Convention-goers were showered with free swag from popcorn to kitchen appliances to seaweed snacks, all in the hopes we would write about it. I mean, I can’t argue with free stuff, but it did feel a bit pointed.

More annoying, some of the conference sessions (a conference we had paid to attend mind you) were little more than sponsored infomercials. During breakfast we listened to a presentation on Noosa yogurt, at lunch we were lectured on the benefits of Ninja blenders and happy hour was sponsored by Butterball Turkey.

The educational sessions weren’t safe either. There was “Fresh Ideas for Entertaining” with Krusteaz and a wine tasting session with Bordeaux wines. The one I attended, “Know your Beef, Know your Butchery” was sponsored by Beef Checkoff (the “Beef, it’s what’s for dinner” people), and it was just this side of propaganda- and that is coming from someone who really, really likes beef.

People Have Very Strong Opinions About Food

 

One of the less controversial foods

Okay, I knew this, but putting 400 food-passionate people with different diets in one room really highlighted this. Barbed tweets and pointed questions went back and forth all weekend between the gluten-free bloggers, the vegan bloggers, the paleo bloggers etc.

One of the first sessions featured Karen Page and Andrew Dornenburg, authors of The Flavor Bible.
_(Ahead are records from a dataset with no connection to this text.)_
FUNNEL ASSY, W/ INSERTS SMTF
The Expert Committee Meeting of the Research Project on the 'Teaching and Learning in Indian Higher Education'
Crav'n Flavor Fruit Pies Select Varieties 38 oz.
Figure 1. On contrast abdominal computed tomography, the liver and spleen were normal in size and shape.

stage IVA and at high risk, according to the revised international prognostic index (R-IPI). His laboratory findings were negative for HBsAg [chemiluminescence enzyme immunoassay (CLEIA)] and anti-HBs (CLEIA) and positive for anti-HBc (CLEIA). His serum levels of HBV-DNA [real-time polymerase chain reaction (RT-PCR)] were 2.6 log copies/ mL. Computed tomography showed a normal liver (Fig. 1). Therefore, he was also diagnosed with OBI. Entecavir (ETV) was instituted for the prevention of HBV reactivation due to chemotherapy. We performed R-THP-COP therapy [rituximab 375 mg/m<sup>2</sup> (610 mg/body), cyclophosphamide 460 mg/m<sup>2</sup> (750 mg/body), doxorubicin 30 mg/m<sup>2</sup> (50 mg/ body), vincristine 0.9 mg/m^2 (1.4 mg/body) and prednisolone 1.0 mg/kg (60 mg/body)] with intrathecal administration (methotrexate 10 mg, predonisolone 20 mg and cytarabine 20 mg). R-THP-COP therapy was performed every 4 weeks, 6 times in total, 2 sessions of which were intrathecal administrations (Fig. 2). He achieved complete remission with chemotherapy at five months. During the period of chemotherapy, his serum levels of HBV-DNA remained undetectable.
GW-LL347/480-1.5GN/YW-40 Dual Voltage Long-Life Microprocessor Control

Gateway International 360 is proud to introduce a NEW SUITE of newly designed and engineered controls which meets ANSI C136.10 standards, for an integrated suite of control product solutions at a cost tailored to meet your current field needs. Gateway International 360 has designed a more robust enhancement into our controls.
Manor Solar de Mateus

They were there to talk about their new book the Vegetarian Flavor Bible and, not surprisingly, their conversion to vegetarianism.
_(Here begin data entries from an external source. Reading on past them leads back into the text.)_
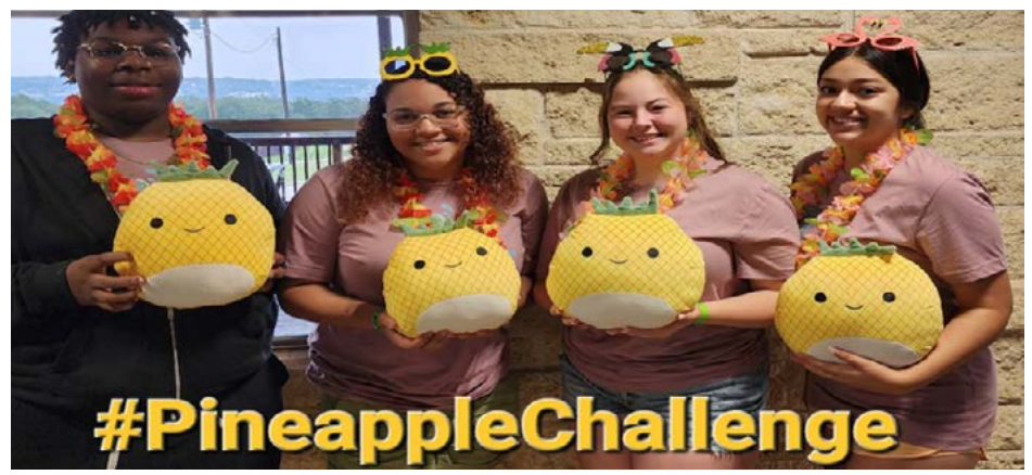
Are you up for the challenge? Visit here for more information!
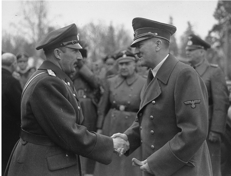
Figure 1: Adolf Hitler greets Bulgaria's King Boris III in Berlin.

Tripartite Pact. On March 1, 1941 Bulgaria officially entered the war on the side of the Axis Powers.
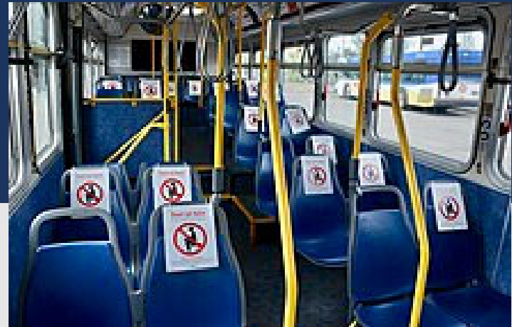
Needs Based Distribution
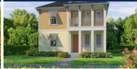
THE WEST INDIES
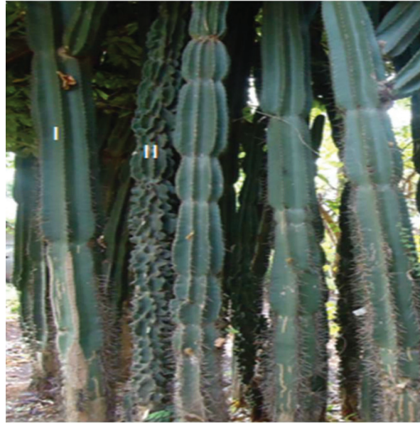
Figure 1. Somaclones of Cereus peruvianus maintained at Experimental Botanic Garden showing typical (I) and atypical (II) shoot morphologies.

I didn’t even know that choosing to be a vegetarian could be seen as radical in this day and age, but the twitter hashtag exploded with angry bloggers slamming the pair’s advice. The WABeef twitter account even got involved, which surprised me.

The Writing Sessions Were Great

It wasn’t all a bust though. I attended several really great sessions. There was a delightful cooking demo with Thierry Rautureau aka the Chef in the Hat. The writing workshop with Dianne Jacob was worth the price of admission by itself, and I really enjoyed listening to Washington Post food and travel editor Joe Yonan talk about taking risks. I left with some serious thinking to do, about my writing and work.
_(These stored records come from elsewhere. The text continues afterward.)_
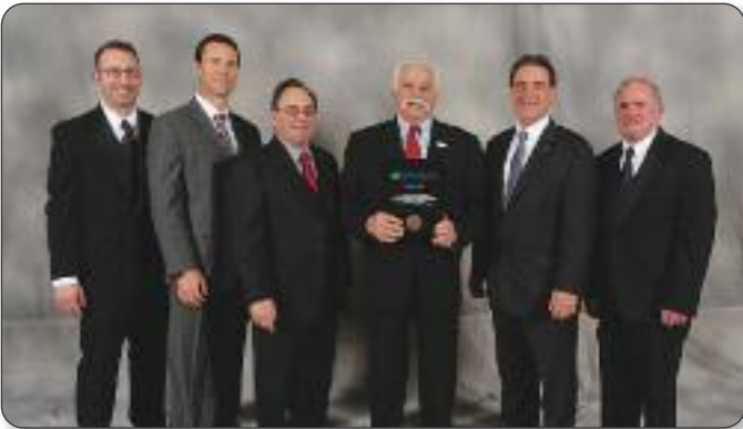
State Roofing Systems, Inc. San Leandro, California
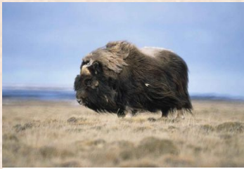
Musk Ox (North America)
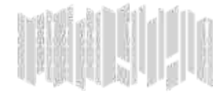
TYPE D - No.12

Seattle is an Amazing Place to be a Foodie

Amazing asian fusion chicken and waffles from Kaisho, a Capitol Hill restaurant

I have to say, I picked a pretty awesome place to live. I already knew this, but the conference really brought it home. So many exhibitors, from Theo Chocolate to Bristol Bay Salmon were all Pacific northwest companies. On Saturday a variety of local restaurants catered the reception and they were all excellent. Many attendees left raving about Seattle, as I smugly got to stay behind.

In the end I’m not sure I would go back to IFBC. I felt out of place the entire weekend, even though I was fortunate enough to see some old friends and meet some lovely new people. lThe conference was definitely geared more towards recipe bloggers, not food reviewers. And I know for certain now that I’m not cut out to be a recipe blogger because sigh, I just don’t care about 8 new ways to cook make pancakes or the merits of different blenders. I’m still not sure what a sous vide machine even does. I didn’t belong there.

That is okay. I like food, I like eating it. I like learning about it and once in awhile, cooking it myself. I like writing about that. So I’m just going to keep on going and hope you guys will continue to indulge me.